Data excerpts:
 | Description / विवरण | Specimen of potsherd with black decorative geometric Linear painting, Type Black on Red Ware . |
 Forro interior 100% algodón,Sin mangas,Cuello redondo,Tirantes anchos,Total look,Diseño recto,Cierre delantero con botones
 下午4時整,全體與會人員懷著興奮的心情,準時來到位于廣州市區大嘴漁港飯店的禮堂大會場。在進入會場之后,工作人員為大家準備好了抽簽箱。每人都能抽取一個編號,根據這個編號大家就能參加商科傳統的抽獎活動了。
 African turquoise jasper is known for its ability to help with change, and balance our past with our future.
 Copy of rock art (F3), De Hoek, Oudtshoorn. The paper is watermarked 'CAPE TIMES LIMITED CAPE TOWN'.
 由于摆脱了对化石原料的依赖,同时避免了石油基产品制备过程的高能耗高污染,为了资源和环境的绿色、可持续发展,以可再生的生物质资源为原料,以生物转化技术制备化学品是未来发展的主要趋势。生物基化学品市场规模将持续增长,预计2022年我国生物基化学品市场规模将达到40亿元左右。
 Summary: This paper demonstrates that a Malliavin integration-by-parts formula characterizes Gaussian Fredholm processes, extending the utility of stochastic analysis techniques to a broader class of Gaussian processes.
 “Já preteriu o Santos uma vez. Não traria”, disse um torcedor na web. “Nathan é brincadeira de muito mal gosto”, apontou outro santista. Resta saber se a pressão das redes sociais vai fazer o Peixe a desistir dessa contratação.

WHAT NEEDS TO BE DONE – Scanning the data above, count the lines in which the string "paper" occurs and state only the count.

SOLUTION TO THE PROBLEM – 2